Hard, icey clister conditions entail that a softer ski has a shorter waxed zone, and once again you can test this out before you commit to the journey with an application which is not as far as the heel, and two to three inches short of the usual wax mark at the front half of the ski. A harder spent ski should be marked with a clister mark , which is usually in my brief glances at good skier's skis, about an inch and a half inboard of the usual mark so to speak. 

Slushy, Easter Conditions  The main thing you want to avoid here is suction onto the snow and water mix, so a shorter kick zone and use of a clister once again not as far back as the heel should be employed. There will be plenty of grip most of the time, unless it freezes back or you enter shadowy or higher areas where conditions are usually hard, 

You have a little challenge here in Easter sun slush,  because ideally you need to glide all the rest of the ski to prevent suction, so you will need to clean off glider to lay clister further out if needs be for more grip. You can compensate for a glider free zone by 'rilling' or just scraping up the areas you have not glided where you may want to extend clister, such that the water finds channels to run from and you avoid suction. Use a rough herring bone pattern to affect this under the heel and longer up the 'reserve' kick zone on the toe end. 

Kick Beats Glide on Longer Runs

Excluding the mostly down hill 'Marcialonga' in Italy, most longer ski runs have significant amounts of diagonal classic kicking. Experienced competitors will tell you that good kick is better than extremely good glide. That is rather to say that even a small percentage of back slipping and frustration will slow you more than a little extra friction. Bad glide though, where the kick wax holds crystals or clumps up even, or as above you experience suck in wet conditions, It is then a combination of 'nailed kicking' and good efficient, "profit" in glide from each kick and on faster, non kicking sections which counts. 
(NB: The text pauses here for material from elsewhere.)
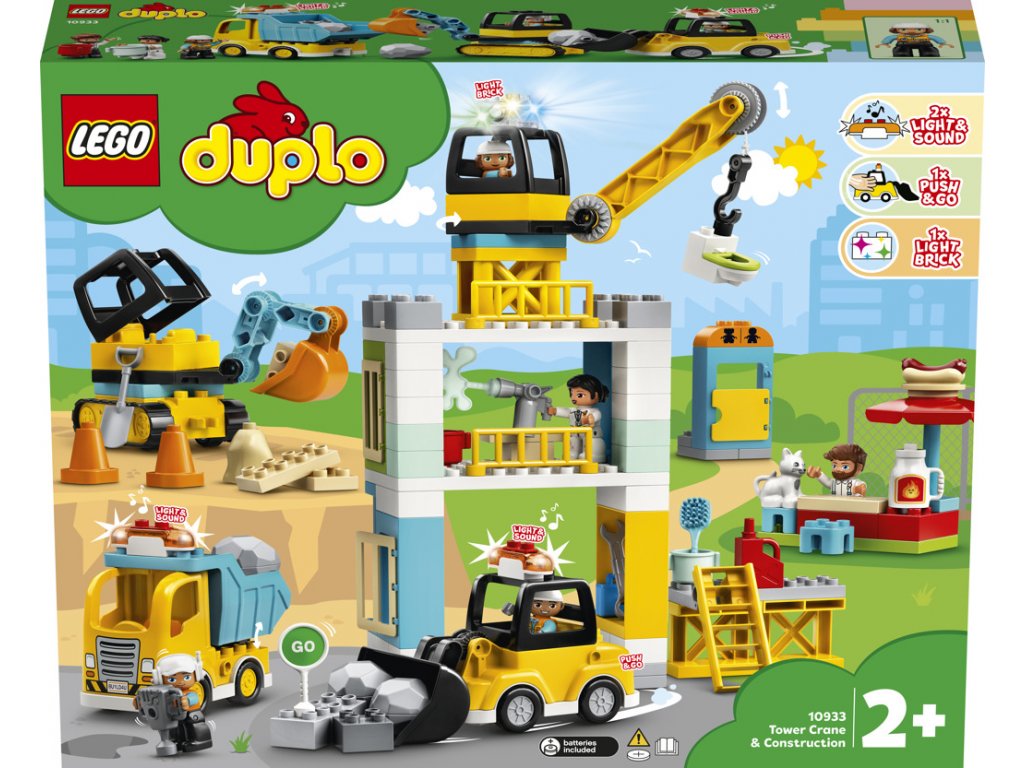 Stavebnice pro předškoláky LEGO® DUPLO® Stavba s věžovým jeřábem (10933) přináší pestrou škálu strojů, činností a postav, které inspirují k přehrávání příběhů a rozvíjení dovedností. Stavebnice s neomezenými herními možnostmi Na staveništi plném funkcí a doplňků budou mít děti neustále co objevovat. Velký buldozer, mini buldozer, náklaďák se sklápěčkou, bagr a jeřáb dávají dětem a rodičům příležitost společně vozit materiál, stavět věž a vyklízet sutiny z ulic. A když je čas na oběd, dokonce můžete zaskočit do stánku s párky v rohlíku! Pestrá stavebnice plná doplňků Díky pěti moderním postavičkám – malířce, jeřábnici, 2 dělníkům a chlapíkovi s párkem v rohlíku – a spoustě parádních doplňků, jako jsou světelné a zvukové kostky a buldozer, který stačí potlačit a pojede, nabízí stavebnice spoustu možností, jak zabavit, inspirovat a uchvátit představivost dětí. Pro ještě více herních možností můžete sadu nakombinovat s dalšími stavebnicemi LEGO DUPLO.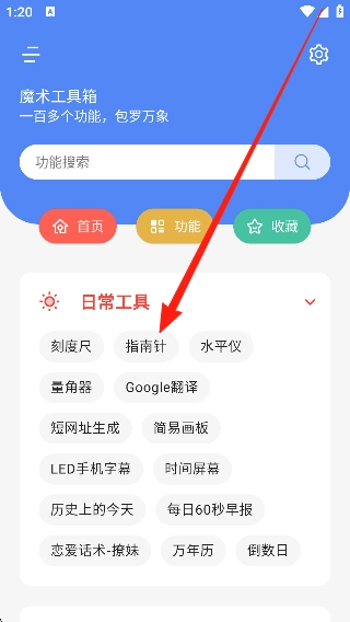 2、在功能页展开【日常工具】,点击【指南针】选项,启动指南针功能。

There is then a slight bias to allowing for better kick, so for example on the Birkebeinet which rises several hundred meters in its' arduous 54 km course, you will see some people choosing a little too soft a wax for the uphill and having to scrape and apply harder wax once they encounter a lot of crystals being embedded on their kick wax. Some wise old foxes wax with just one layer of soft wax and let it deterioate up hill, thus reaching colder snow and the harder wax beneath takes over!

This is a very good rule of thumb Nr 3 for ski touring from cabin to cabin, or not wanting to bother waxing much while on holiday or a longer day run. You can always lay a softer wax onto a harder one, and clister will sit on blue wax (if not maybe purple) if the sun melts the nice cold snow in the course of the day, or as you come round the ridge to the sunny side!  This is really where skin-skis (felleski) come into their own, as long as conditions don't verge towards 'blue ice clister'.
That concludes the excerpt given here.